To date, hospital bed occupancy above 85–90% has been associated with waiting times in Emergency departments [14], readmissions [13], hospital-acquired infections, and mortality [15]; however, its relationship with patients’ post-intensive care functional outcomes remains unclear. The COVID-19 pandemic created conditions where ICUs were forced to operate above the recommended 90% capacity, providing a natural experiment for exploring the relationship between occupancy and outcomes. The primary aim of this study was to compare the frequency of mental, physical, and cognitive impairments at ICU discharge, 3 and 6 months of patients discharged from ICU who were admitted during high and low bed occupancy periods during the COVID-19 pandemic. The secondary aims were to compare mental, physical, and cognitive impairments of patients admitted to ICU due to COVID-19 versus other diagnoses at the same time points and to determine the survival 22 months after ICU discharge by bed-occupancy level and COVID-19 infection status.

Material and methods

Prospective, multicenter, cohort study recruiting patients between October 12th, 2020, and April 10th, 2021, at 19 ICUs in seven Chilean public and private hospitals. The study protocol was published [16] and registered on ClinicalTrials.gov (NCT04979897). This study was performed in line with the principles of the Declaration of Helsinki. Ethical approval was granted by the Clínica Alemana Research and Clinical Trials Unit, Faculty of Medicine, Clínica Alemana Universidad del Desarrollo Ethics Committee (registration number 2020–78) and the Servicio de Salud Metropolitano Oriente Ethics Committee (registration number 152–0029).

Patients

Adult patients (≥18 years old) on mechanical ventilation (MV)>48 hours in ICU due to any diagnoses. Exclusion criteria were patients who were uncooperative [17] or with delirium [18]; admitted due to severe burns, trauma or neurological disorder; were unable to walk independently two weeks prior to admission, understand or speak Spanish, or communicate verbally (details in the study protocol [16]). All included patients signed a written informed consent after receiving verbal information about the study.

Patient subgroups

A threshold of 90% of national staffed ICU beds occupied (S1 Fig) was used to define low (i.e., October 12th, 2020–January 6th, 2021) and high bed occupancy (i.e., January 7th, 2021–April 10th, 2021). Additionally, we defined two groups based on the COVID-19 infection status (i.e., positive or negative laboratory polymerase chain reaction test).

Data collection

The site coordinator screened patients daily to identify those within 72 hours of being discharged from ICU, inviting those eligible to participate. Once the patient consented, we collected from their clinical records: age, gender, body mass index, admission diagnosis, Charlson Comorbidity Index score, duration of MV, length of hospital and ICU stay, number of intubations, and the maximum level of organ system support received [19].

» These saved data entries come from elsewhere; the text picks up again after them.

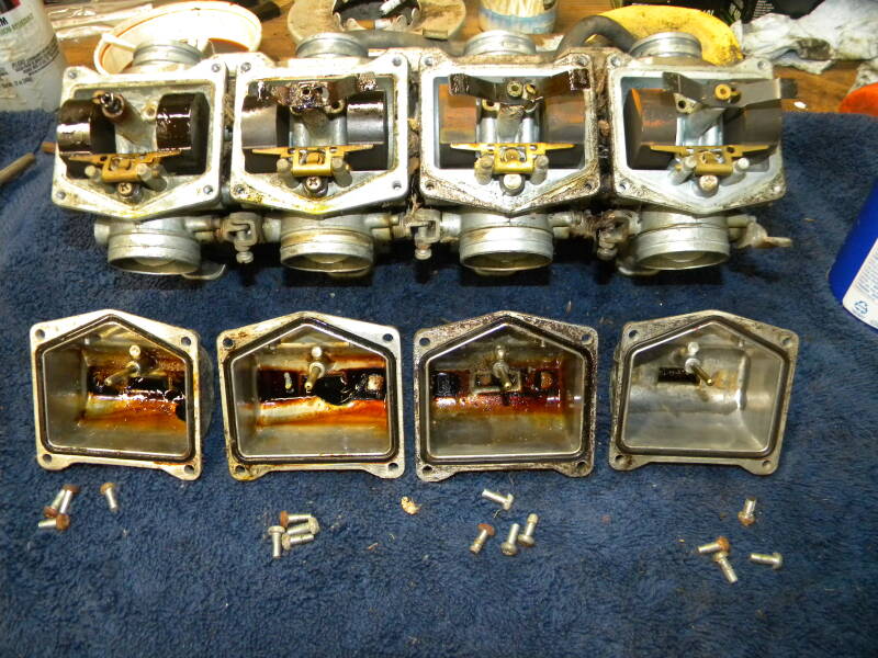 I did my thing - cleaned the carbs, stripped and repainted the frame, side covers and tank...the carbs needed some work, obviously - all that dark stuff in the bowls is dried 'lacquer', or whatever you call that stuff that is dried and baked on, especially on the floats. This was a big PITA to get off/remove...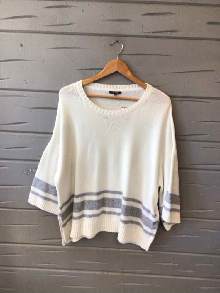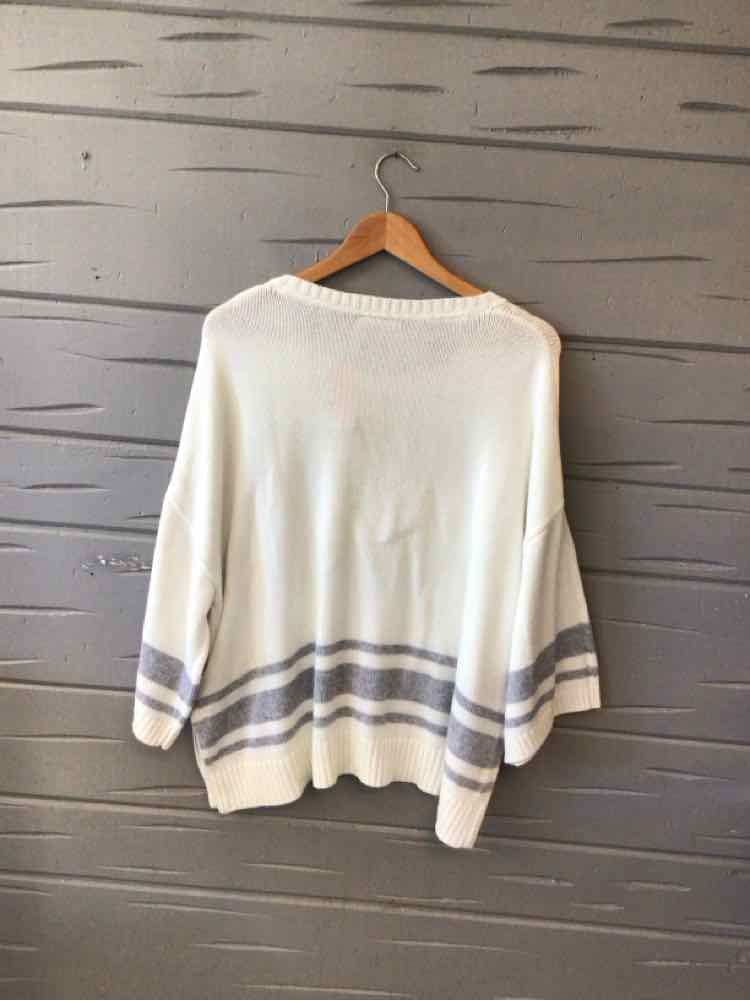 WH KNIT SWEATER W/ GY STRIPE DETAIL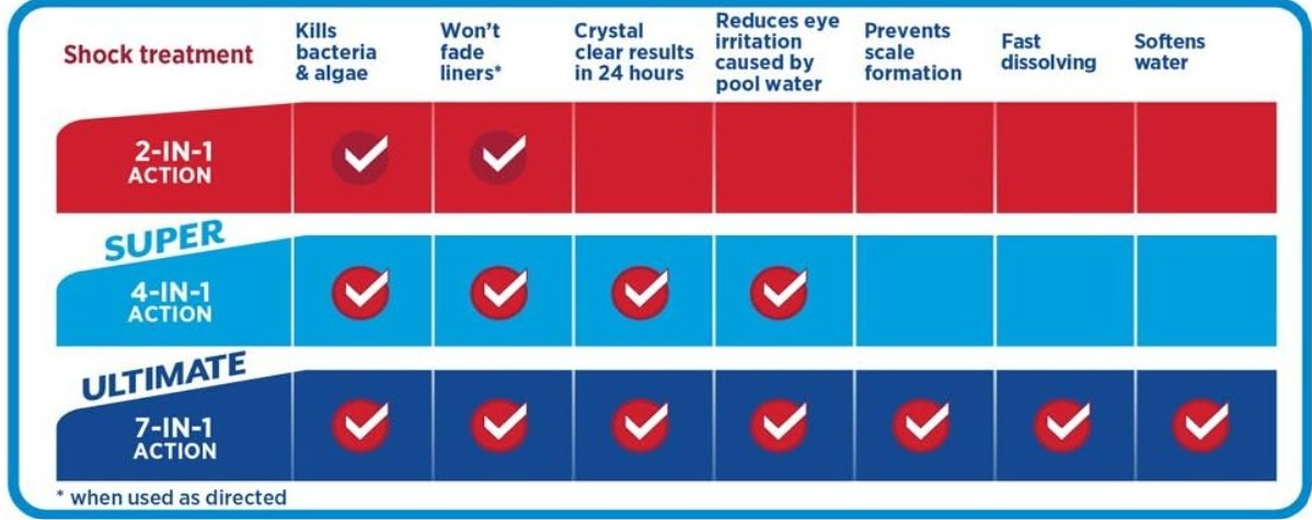 The fast-acting 4-in-1 shock product kills bacteria and algae, restores crystal clarity to pool water within 24 hours, reduces chlorine odor and eye irritation caused by swimming pool water, and won't fade liners. It is convenient, easy to use and won't over stabilize your pool. One bag treats 13,500 gallons.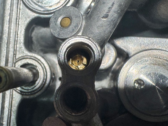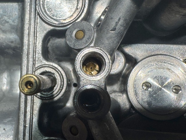 In one of the carburetor bodies, the idle jet unscrewed just fine. Nice and easy. Normally turn the carburetor upside down, and the silly thing falls out.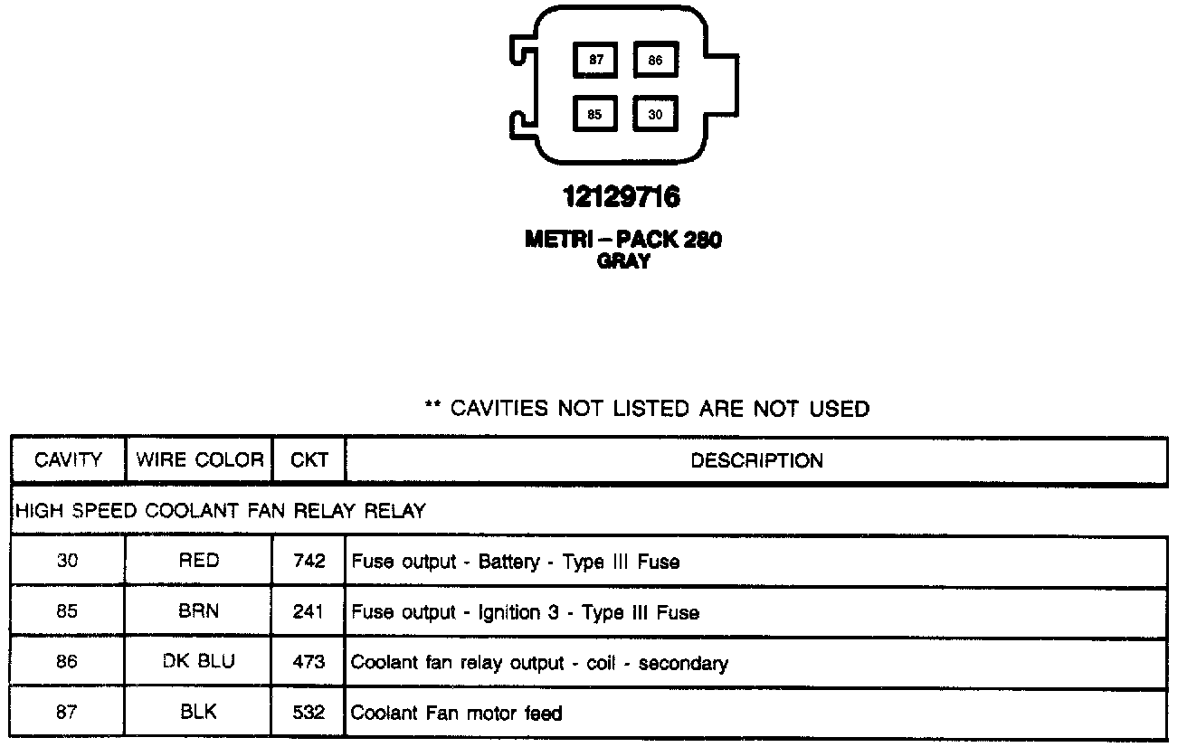 High Speed Coolant Fan Relay: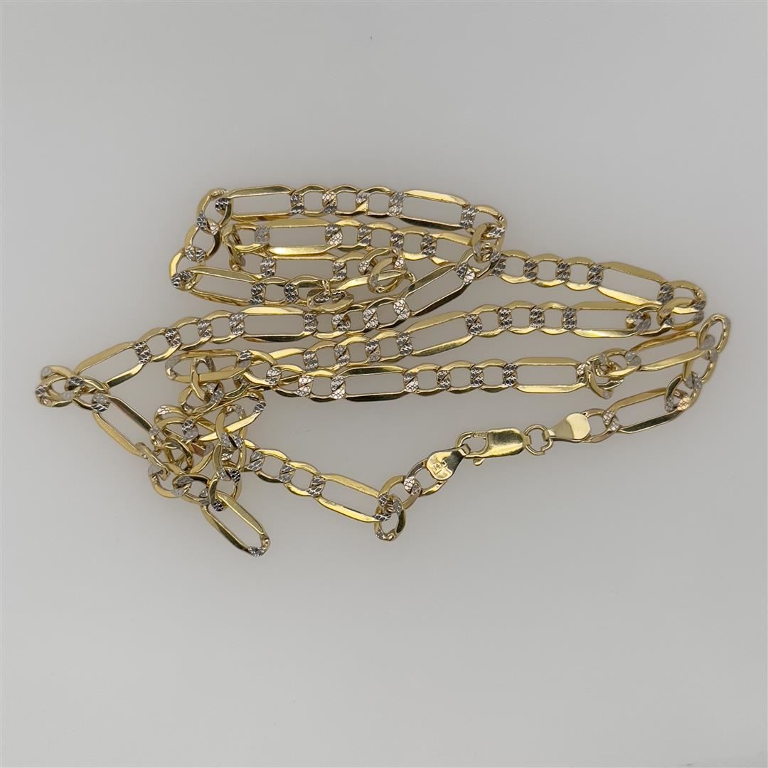 One 14K Yellow Gold Chain. Total weight of chain is 33.2 grams. 26 inches in length.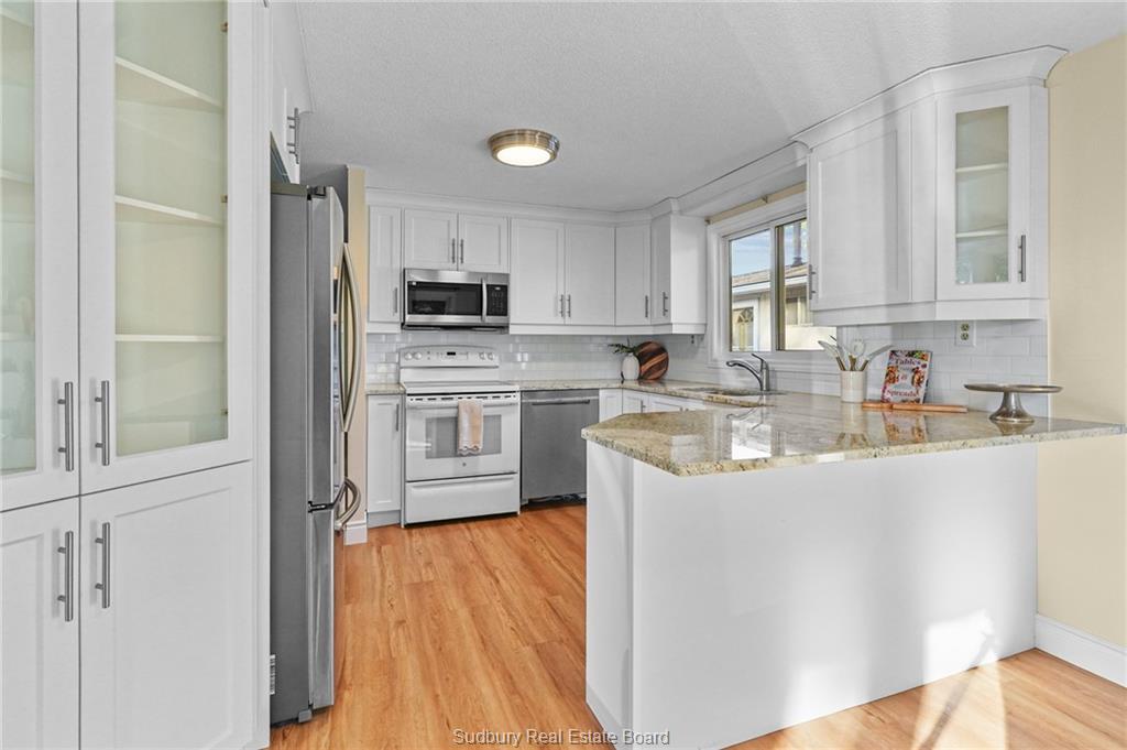welcome to this beautifully updated 3-bedroom, 2 bath home with carport located in a quiet, highly desirable neighbourhood. beautifully updated kitchen, featuring granite counter tops, and modern appliances. lower level completed with a family room, wood stove, bathroom, and great storage. this home offers a functional layout with spacious living areas and stylish finishes throughout.

ICU discharge and post-intensive care outcomes

The core outcome set for acute respiratory failure [20] was used to assess post-ICU outcomes (S1 Table). Experienced researchers (CM-O, AC-M, and FG-S) delivered a 3-hour training session to physiotherapists from the participating sites to standardize the assessment. At ICU discharge, evaluators assessed frailty [21], peripheral muscle strength [22], mobility [23], and cognitive function [24]. Immediately after, patients reported their disability [25], symptoms of depression, anxiety [26] and post-traumatic stress [27], their educational level, and employment status [28]. At the 3- and 6-month follow-up, three interviewers contacted patients via email or telephone to evaluate their cognitive function, disability, symptoms of depression, anxiety and post-traumatic stress, health-related quality of life, and employment status [20].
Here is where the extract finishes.